# Learning BASE64 encoding

BASE64 encoding is so prevalent that it is worth learning how it works and how to code your own implementation.

The point of BASE64 is to communicate binary data as text, using only characters that are likely to exist on most computer platforms. These safe characters are known as the BASE64 alphabet and are the letters A to Z and a to z, the numerals 0 to 9, and the characters / and +. There are other ways to represent bytes as text; for example, by converting them to hexadecimal strings made up of the characters 0 to 9 and A to F. But doing so means that for every character in the original set, two hexadecimal characters are required, which doubles the size of the data.

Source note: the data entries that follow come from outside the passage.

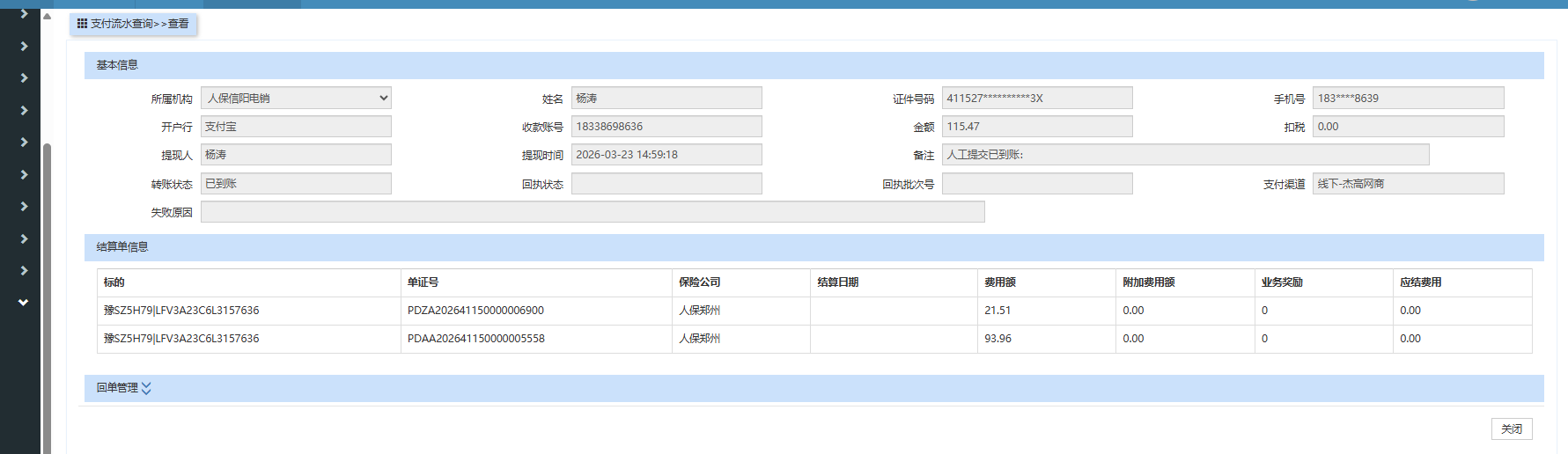 车牌号豫SZ5H79保单号PDZA202641150000006900,PDAA202641150000005558未修改支付渠道导入支付结果,需由是线下-杰高网商修改为线下-榕玖网商
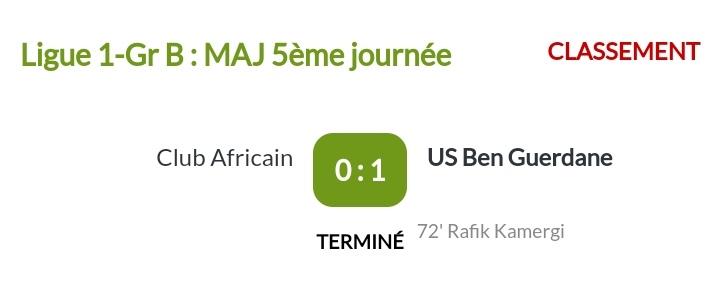 Le Club Africain a été battu par l’US Ben Guerdaine (0-1) vendredi à Radès lors d’une rencontre en retard de la 5ème journée.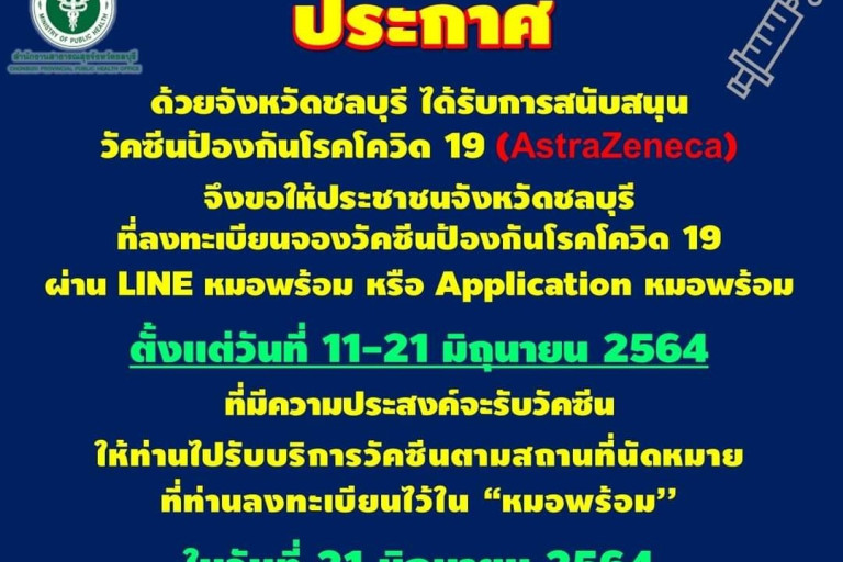 จึงขอให้ประชาชนจังหวัดชลบุรี ที่ลงทะเบียนจองวัคซีนป้องกันโรคโควิด 19 ผ่าน LINE หมอพร้อม หรือ Application หมอพร้อมตั้งแต่วันที่ 11-21 มิถุนายน 2564 ที่มีความประสงค์จะรับวัคซีน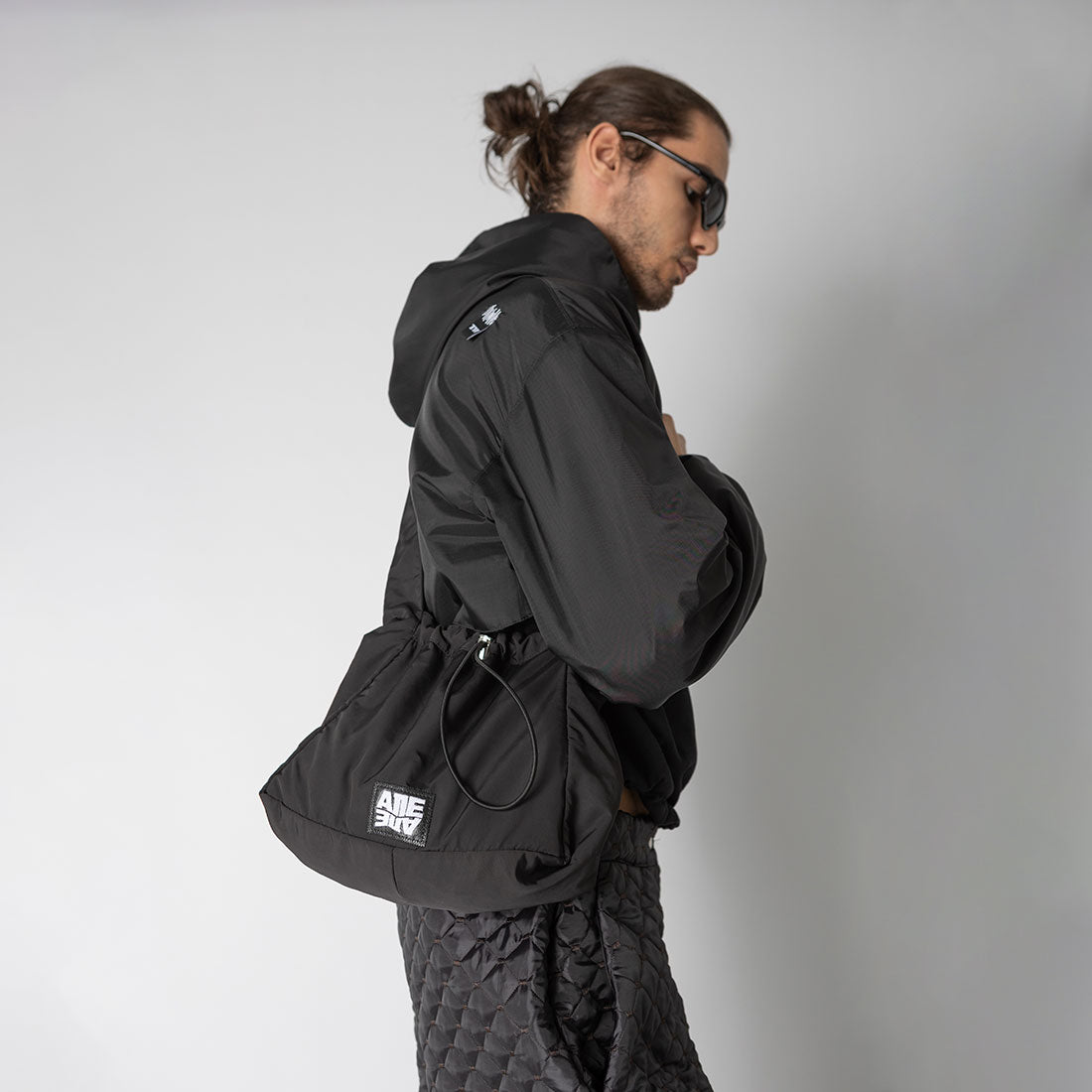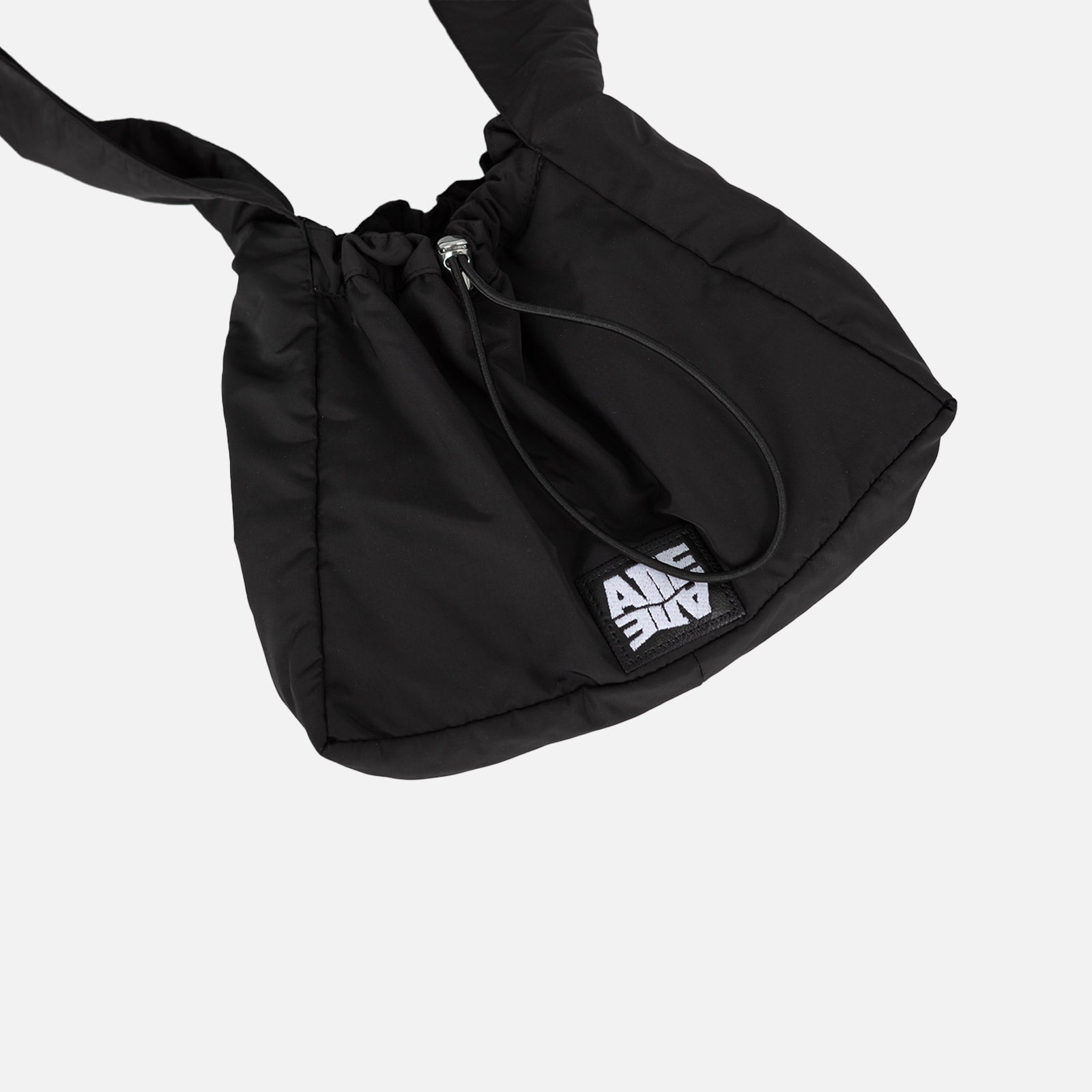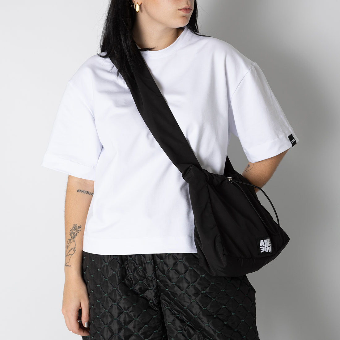 Crossbag/shoulder bag/nylon bag. White embroidery on a piece of leatherette and adjustable rubber with tanka. Interior pocket.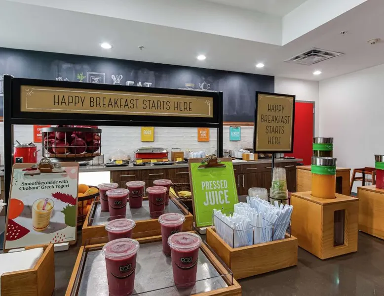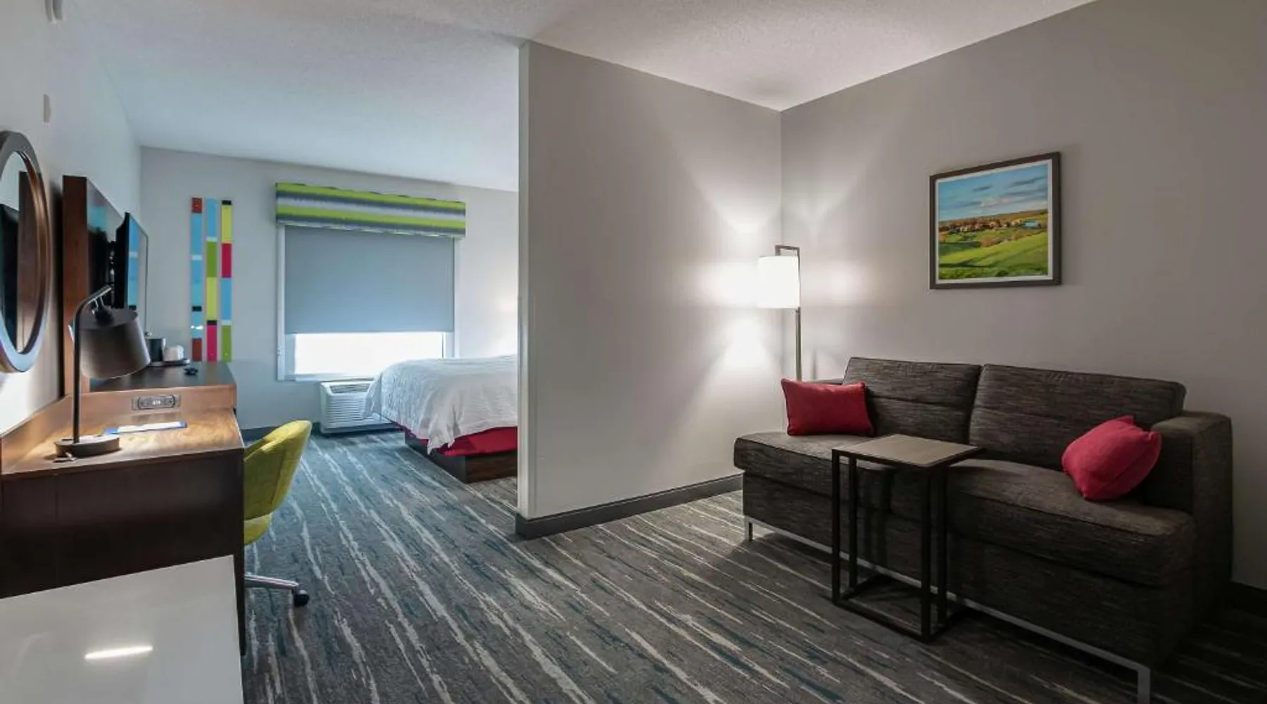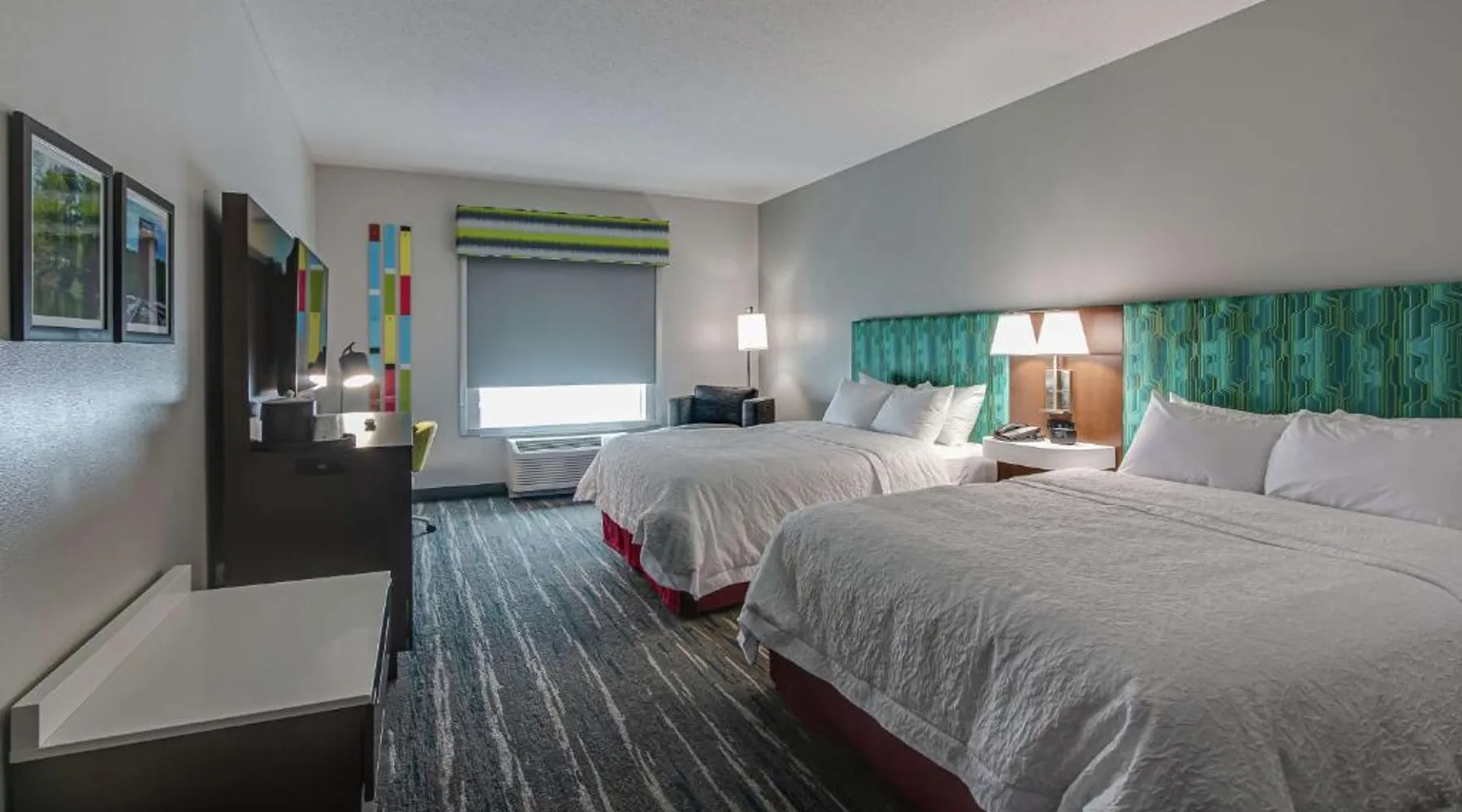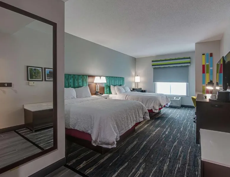Comfortable Accommodations: Hampton Inn Oak Grove Fort Campbell in Oak Grove offers comfortable rooms with air-conditioning, balconies, and free WiFi. Each room includes a tea and coffee maker, hairdryer, refrigerator, work desk, seating area, free toiletries, microwave, and TV. Exceptional Facilities: Guests can enjoy an indoor swimming pool, fitness room, and elevator. The hotel provides free on-site private parking, a 24-hour front desk, and free WiFi throughout the property. Convenient Location: Located 62 mi from Nashville International Airport, the hotel is near Fort Defiance Civil War Park & Interpretive Center (12 mi), McGregor Park Riverwalk (13 mi), and Customs House Museum and Cultural Center (14 mi). Guest Satisfaction: Highly rated for its attentive staff, excellent breakfast, and immaculate rooms. The air-conditioned quadruple room provides a TV with cable channels, a tea and coffee maker, a seating area and a safe deposit box. The unit offers 2 beds.

The BASE64 alphabet consists of 64 characters, each one associated with an integer value. For example, the character A is represented by 0, the character Z by 25, and character / by 63. This means that to cover the range of integers from 0 to 63, the BASE64 word size must be six bits (because 2^6=64). As a consequence of this, during BASE64 encoding the original data must be laid out and padded to make its size — in bits — a number divisible by six.

The smallest number of bytes (or 8-bit words) that can be re-arranged in groups of 6-bit words is three (3×8 bits = 24 bits, which is divisible by six). In other words, data must be processed in groups of 24 bits, each group being equivalent to four 6-bit words (4×6 bits = 24 bits). The BASE64 character matching the value of each 6-bit word is then output as an 8-bit ASCII character. So for every three bytes of input, four bytes of output are generated, giving an inflation factor of 4:3 (which is a better compromise than the 2:1 ratio from hexadecimal encoding).

Data that cannot be split exactly in groups of 24 bits must be padded to make them so. For example, data that are one byte long (i.e. 8 bits) must be padded with two zero-value bytes (i.e. 8 bits + (2×8 bits)), and data that are 11 bytes long (i.e. 88 bits) must be padded with one zero-value byte (i.e. 88 bits + 8 bit = 96 bits = 4×24 bits). In other words, data must be padded to reach a size that is divisible by three.

With the theory out of the way, here is how BASE64 is implemented in Java, using the example ‘any carnal pleasure’.

First, encode the string as a series of bytes.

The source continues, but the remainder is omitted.